Can you have a high ApoB with a normal LDL-C?
Yes, and this is clinically significant. This pattern — called ApoB/LDL discordance — occurs when lipoprotein particles are smaller and more numerous but individually carry less cholesterol. Studies using data from the MESA cohort suggest this discordant phenotype carries meaningfully elevated cardiovascular risk that would be missed by LDL-C alone. Elevated triglycerides and low HDL-C on a standard lipid panel are often indirect clues that discordance may be present.
Does lowering ApoB actually reduce cardiovascular events, or is it just a biomarker?
This is the right question to ask. The causal relationship is supported by Mendelian randomization studies — a form of genetic natural experiment — showing that lifelong genetically lower ApoB-containing lipoprotein levels are associated with substantially reduced cardiovascular disease risk. Statin trials that simultaneously measured both LDL-C and ApoB reduction found that ApoB reduction was a stronger predictor of event reduction in several post-hoc analyses, including data from the TNT trial (n=10,001). ApoB is not merely a marker; the mechanistic evidence suggests it reflects the actual atherogenic process.
If we’ve been systematically undertreating cardiovascular risk in people with low LDL-C but high ApoB for decades — and the evidence suggests we have — it raises an uncomfortable question about what other metrics we’re still treating as gold standard primarily out of habit rather than biology.
ApoB isn’t the last word in cardiovascular risk assessment. Lp(a), coronary artery calcium scoring, and inflammatory markers all add layers. But as a single substitution for LDL-C in a standard panel, it is almost certainly an upgrade.
Which biomarker are you currently using to assess your own cardiovascular trajectory — and when did you last question whether it’s the right one?
References
- Yusuf S, et al. “Effect of potentially modifiable risk factors associated with myocardial infarction in 52 countries (the INTERHEART study).” The Lancet. 2004;364(9438):937–952. PubMed
- Cromwell WC, et al. “LDL Particle Number and Risk of Future Cardiovascular Disease in the Framingham Offspring Study.” Journal of Clinical Lipidology. 2007;1(6):583–592.

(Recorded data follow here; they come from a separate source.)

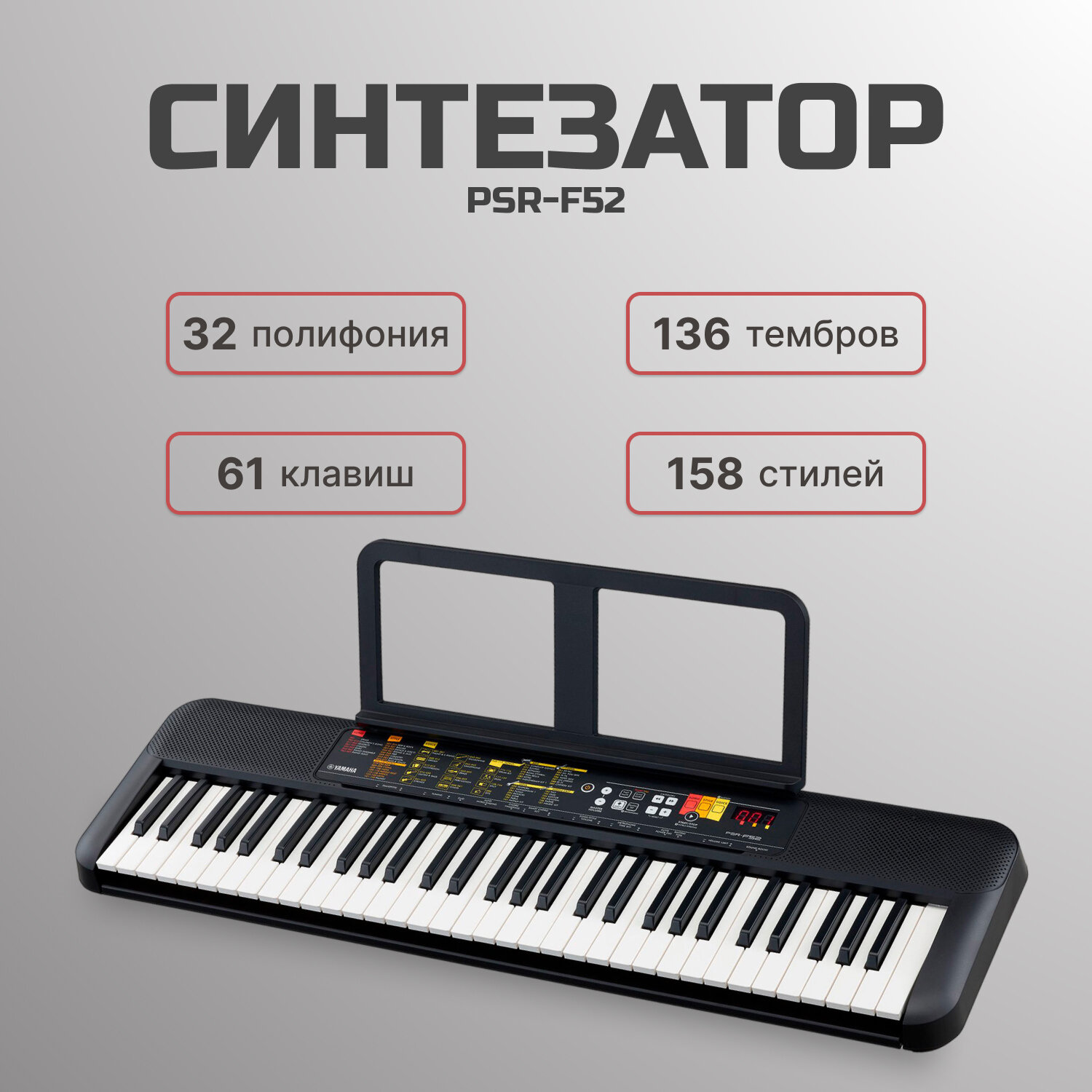 Yamaha psr-f52 синтезатор с автоаккомпанементом, 61 клавиша, 32 полифония, 136 тембров, 158 ст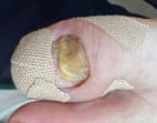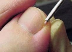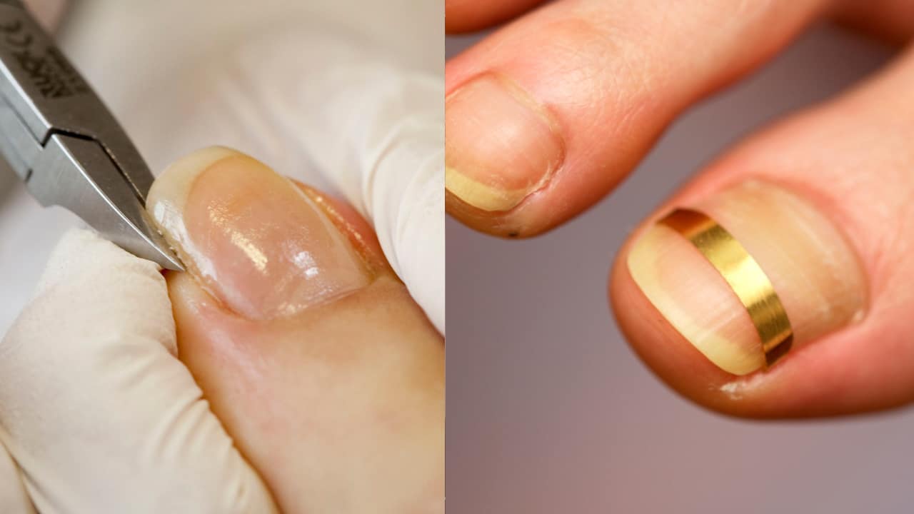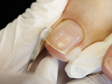 基本の巻き爪ケア。ステンレスプレートで、巻いた爪が食い込まないようにリフトアップ。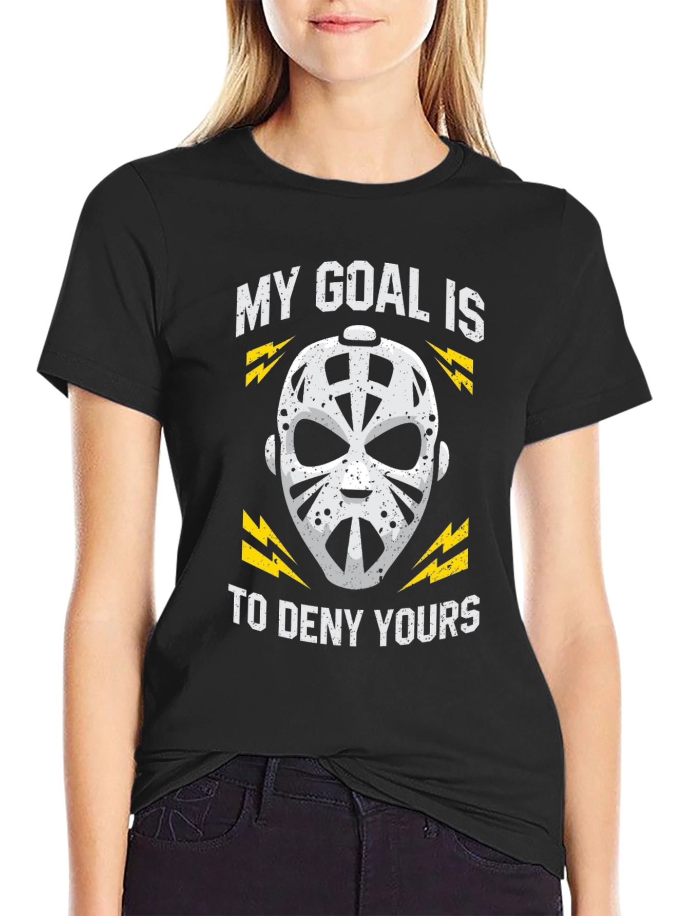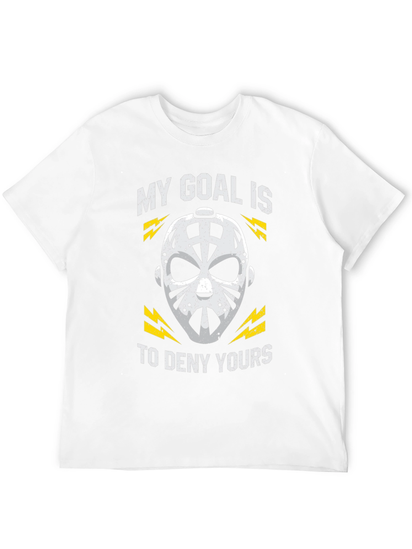 Score a win with this unique hockey-themed t-shirt. The bold graphic features a goalie mask, lightning bolts, and the phrase "MY GOAL IS TO DENY YOURS" making it perfect for hockey players and fans alike. Made from comfortable, breathable fabric, this tee is ideal for casual wear, game days, or hitting the ice. Show off your passion for the sport with this standout piece. Makes a great gift for hockey lovers!

- Sniderman AD, et al. “ApoB versus Non-HDL-Cholesterol: and now the Twain shall meet.” Circulation: Cardiovascular Quality and Outcomes. 2019.

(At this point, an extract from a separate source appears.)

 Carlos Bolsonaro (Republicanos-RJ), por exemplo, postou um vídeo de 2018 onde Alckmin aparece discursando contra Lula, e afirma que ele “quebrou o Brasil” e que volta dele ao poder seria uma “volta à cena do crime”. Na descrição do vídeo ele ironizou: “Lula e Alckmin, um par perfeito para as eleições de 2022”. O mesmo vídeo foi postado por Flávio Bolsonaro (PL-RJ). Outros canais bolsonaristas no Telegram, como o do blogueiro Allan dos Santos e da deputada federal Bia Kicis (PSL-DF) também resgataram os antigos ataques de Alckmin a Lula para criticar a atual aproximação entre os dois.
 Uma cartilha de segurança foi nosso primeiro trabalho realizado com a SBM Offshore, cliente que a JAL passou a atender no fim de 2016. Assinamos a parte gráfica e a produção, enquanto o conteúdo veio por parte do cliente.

- Ingelsson E, et al. “Clinical Utility of Different Lipid Measures for Prediction of Coronary Heart Disease in Men and Women.” JAMA. 2007;298(7):776–785.
- Mora S, et al. “LDL Particle Subclasses, LDL Particle Size, and Carotid Atherosclerosis in the Multi-Ethnic Study of Atherosclerosis (MESA).” Atherosclerosis. 2007;192(1):211–217.
- Pedersen TR, et al. “Lipoprotein Changes and Reduction in the Incidence of Major Coronary Heart Disease Events in the Scandinavian Simvastatin Survival Study (4S).” Circulation. 1998;97(15):1453–1460.